Miroslav Trnka (born in 1961) is Slovak businessman and philanthropist. He graduated the Slovak University of Technology in Trnava (Slovakia) in Automated management systems. In 1987, together with Peter Paško discovered one of the world’s first computer viruses and developed an antivirus code for its detection. After the fall of the communist regime in Czechoslovakia, they established a cybersecurity firm Eset, which is now operating in more than 200 countries and territories.

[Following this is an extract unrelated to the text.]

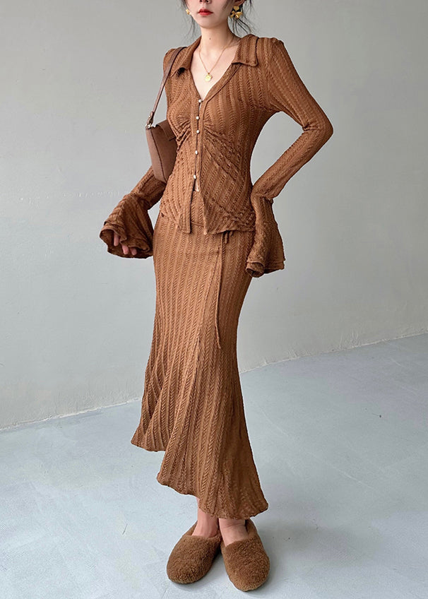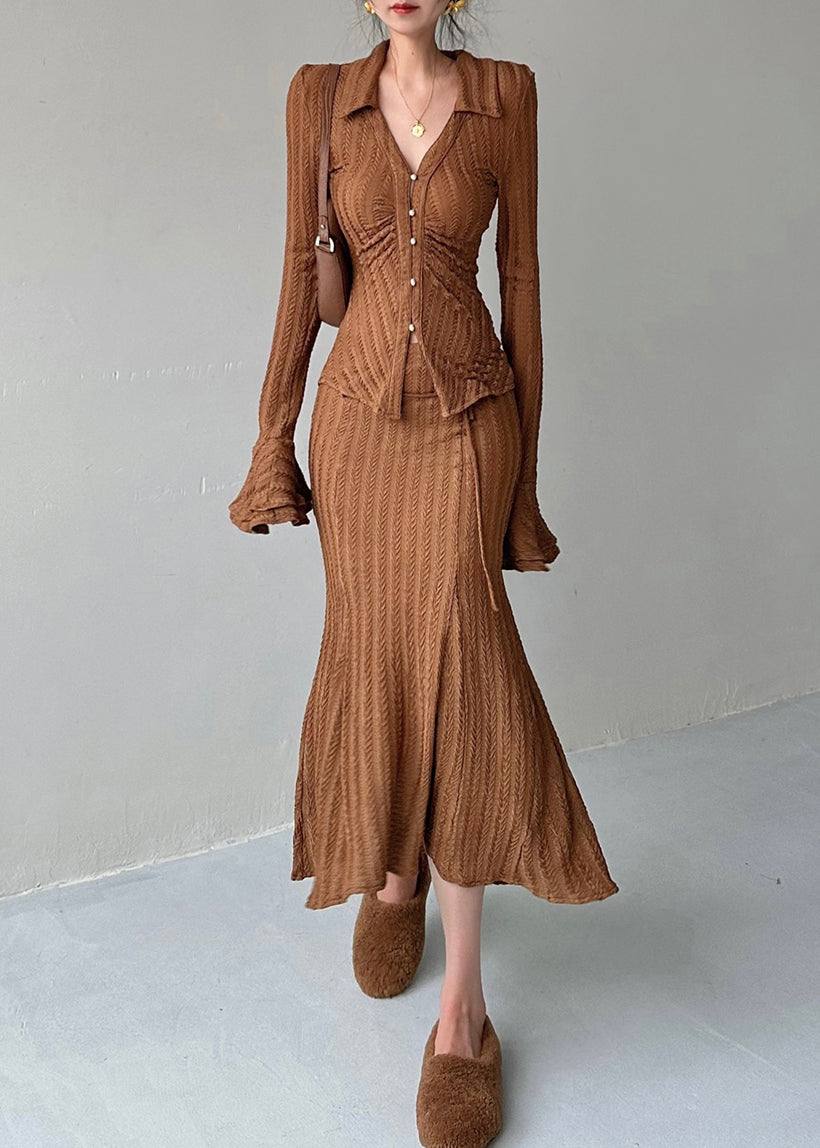Indulge in the luxurious style of our Original Design Blue Knitted Two Piece Set Flared Sleeve. Crafted with unique and intricate design, this set offers a perfect blend of elegance and comfort. Elevate your fashion game with the flared sleeves and make a statement that stands out.

Michal Bláha (born in 1964) is also Slovak businessman and former member of the Czechoslovak Federal Assembly. He graduated from the Slovak University of Technology in Bratislava (Slovakia) in Architecture. In the final year of the studies, he got involved in the revolutionary political anti-communist movement Public Against Violence, which he later, after the 1990 Czech legislative election, represented in the Federal Assembly. After the disintegration of Czechoslovakia and loss of his mandate in the Assembly, Blaha founded an advertising company MARK BBDO in Bratislava.

=== Directors===

Zuzana Petková is director of Stop Corruption Foundation. She is also former investigative journalist and reporter, who worked in a number of Slovak broadsheet newspapers, including SME, Trend and Hospodárske noviny, and has been the managing director of Stop Corruption Foundation since August 2018. She holds a degree in journalism from Comenius University in Bratislava.

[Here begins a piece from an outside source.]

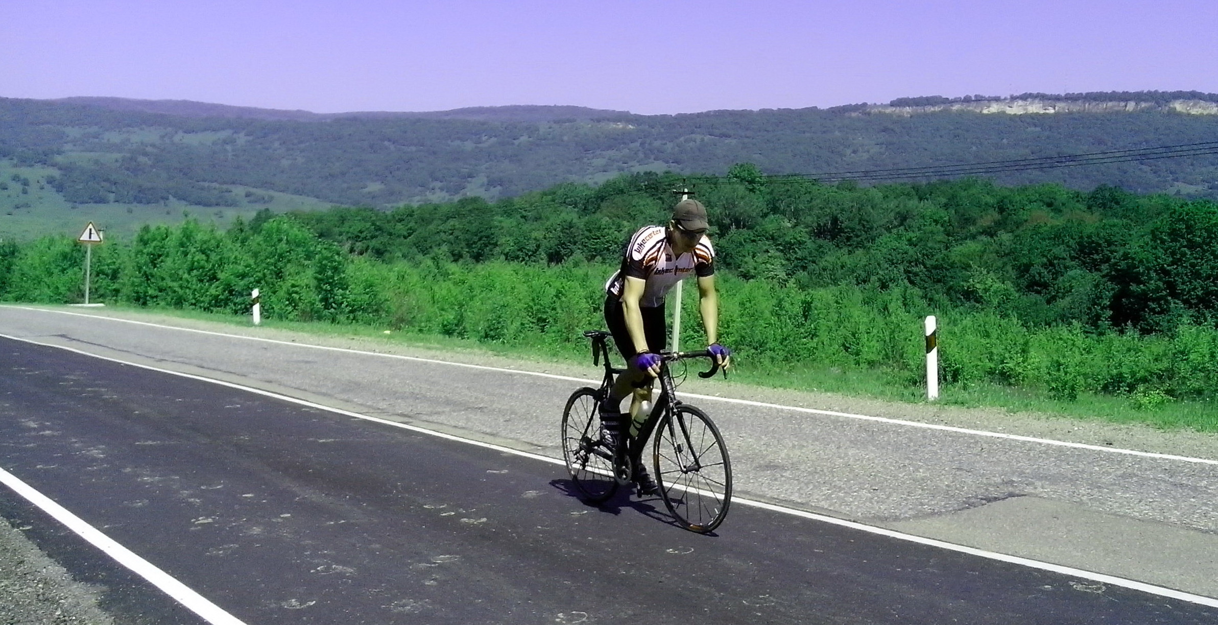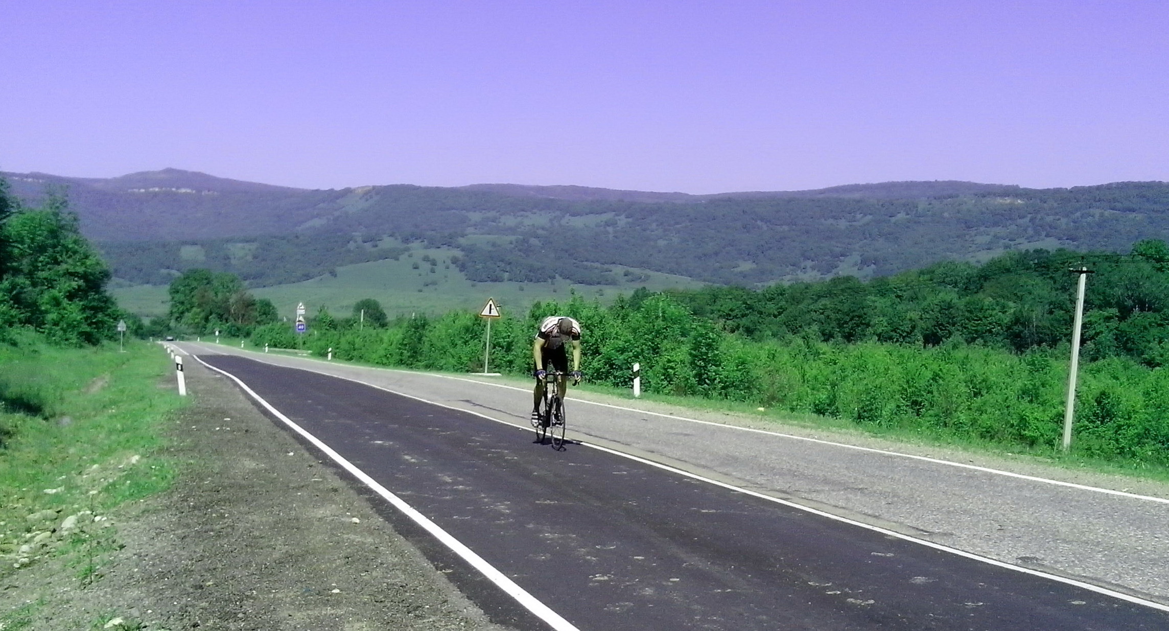 Маршрут хорош тем, что на старте жарко, но по мере набора высоты становится все прохладнее и свежее, что не может не радовать после душного города. Машин традиционно немного.

In her career as a journalist she uncovered several corruption scandals, and three times was awarded the National Journalism Award. In 2019, she received the US Embassy's "Woman of Courage" Award, for her “unflinching resolve to inform the Slovak public about corruption and take steps to combat”.

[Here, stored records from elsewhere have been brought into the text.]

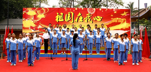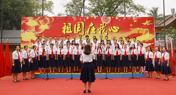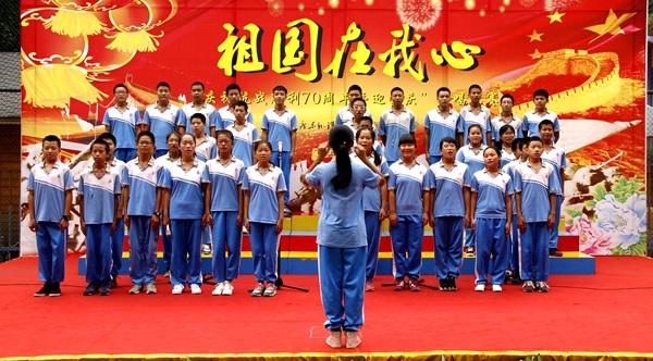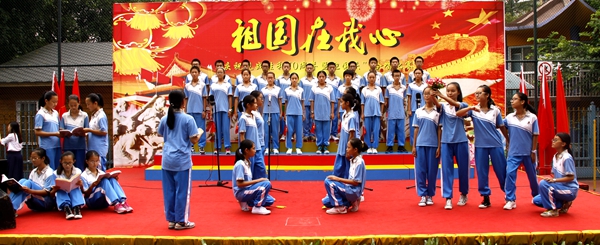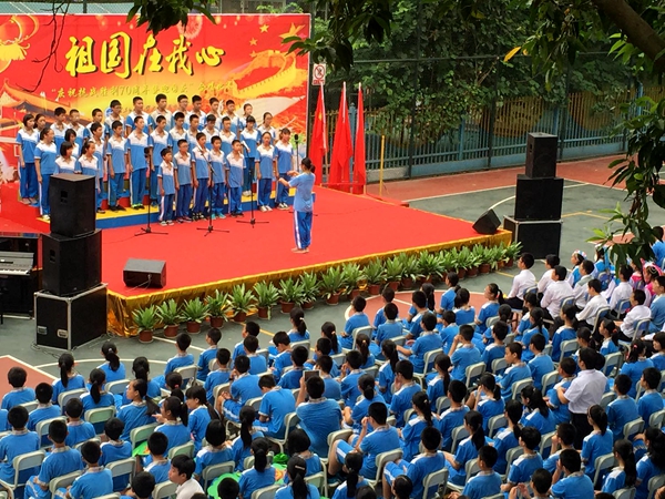 “我们都是神枪手,每一颗子弹消灭一个敌人,我们都是飞行军,哪怕那山高水又深,在密密的树林,到处都安排同志们的宿营地,在高高的山冈上,有我们无数的好兄弟。”合唱比赛在初一(2)班同学整齐嘹亮的《游击队歌》中拉开了序幕。同学们放声歌唱,用最甜美歌声抒发对祖国的热爱,用最纯真的笑容赞美幸福的生活。不论是小学生,还是中学生;不论是经典的《歌唱祖国》《团结就是力量》《我的中国心》,还是充满童心童趣的《少年少年祖国的春天》《听妈妈讲哪过去的事情》《我爱北京天安门》,同学们都演唱得真挚深情。台上的学生认真投入地演唱、指挥稳定富有激情地指挥,台下的同学们仔细聆听、认真欣赏。一首首歌曲在学校上空回荡,一阵阵掌声响彻校园。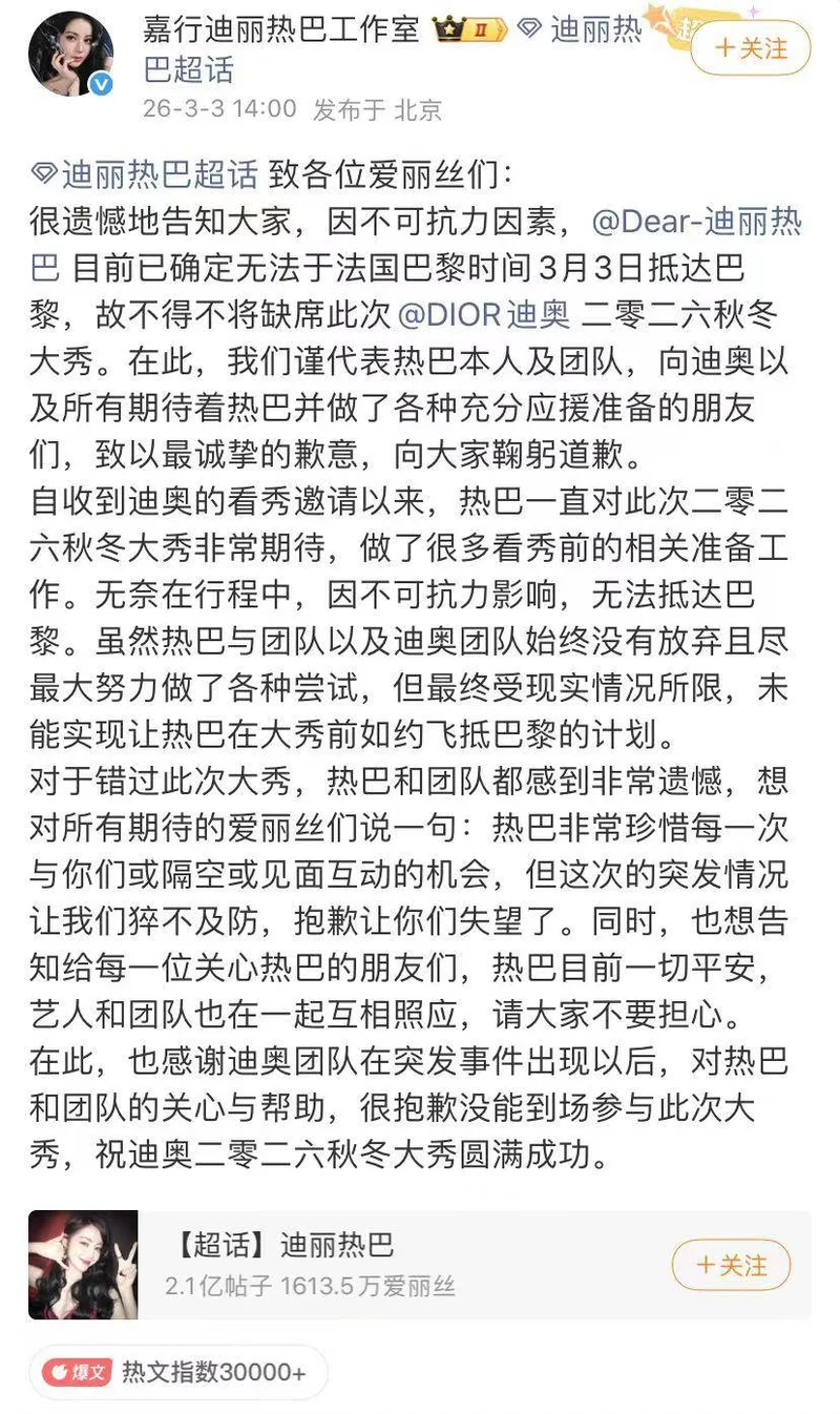 迪丽热巴工作室发布道歉信,估计很多粉丝都非常期待迪丽热巴现身巴黎看秀,因为她是迪奥的代言人,迪奥在巴黎举行大型时装秀。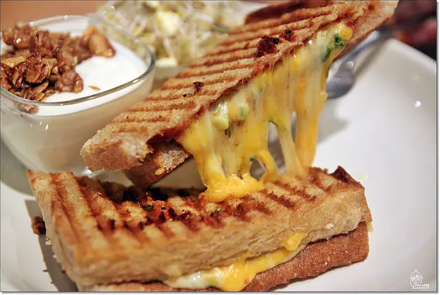 太酷了!!這是Miss V自製的Chipotle番茄辣醬,我第一次吃到番茄辣醬,覺得微辣的酸甜香氣好對味。搭配上自製的全麥鄉村麵包,內為帕瑪森、馬茲拉、切達三種起司的融合,加上香菜的特殊香氣讓風味更具層次,附餐為自製蜂蜜燕麥優格和黃金費塔起司沙拉。Miss V喜歡自製的食物,強調清爽美味少油炸的健康取向,也希望客人吃的到食物原本的味道,而且自己做也比較安心。

Pavel Sibyla is a former director of the Stop Corruption Foundation. He is a former journalist and writer, who had worked in several broadsheet newspapers before becoming a managing director of the Foundation. As a reporter for a weekly business magazine TREND, Sybila alongside his co-worker wrote a winning article of the national round of the European Annual Journalist Award 2010. In 2013, he founded a non-governmental journalist platform, which focuses on covering interesting and resonating topics in a society. In the period from 2014 to 2015, he was the head of the Internal Affairs section in the Office of the former President of the Slovak republic Andrej Kiska. In 2018 he entered politics.

== Activities==

- Change of law: The foundation co-initiated the creation of a new law on whistleblowing or the law against shell companies. A law the foundation has helped create covers nearly all forms of business conducted between the state and other parties, thus significantly increasing transaction costs for potential frauds looking to bypass it.
- Help for whistleblowers: Foundation provides free legal support for whistleblowers, who report criminal or dishonest conduct harmful to society and they lost their job because of it, and represents those people] in court.
- Investigative journalism: Small investigative team tries to reveal or cancelled tailor-made state contracts, which are one of the main channels] through which Slovakia has lost millions of euros each year. For example, the foundation produced the first report on the state of Slovak police. Over a period of several months in 2018, police officers of various ranks and from different cities were consulted to get an idea of the inner workings of the police force. It was the first report of its kind in Slovakia.

The foundation also launched its own investigative online programme, which monitors cases where laws are violated and power is abused. Another activity is the foundation's website that monitors how EU Structural Funds and Cohesion Fund are spent in Slovakia.

- Education and awareness: the Foundation works to mobilise civil society and promote interest in public affairs. Foundation established Community Stop Corruption, a space for young anti-corruption volunteers. It organizes electoral groups of citizens, to monitor for electoral fraud during the local elections in 2018. Foundation also work with various schools on an informal education programme and organize different types of events.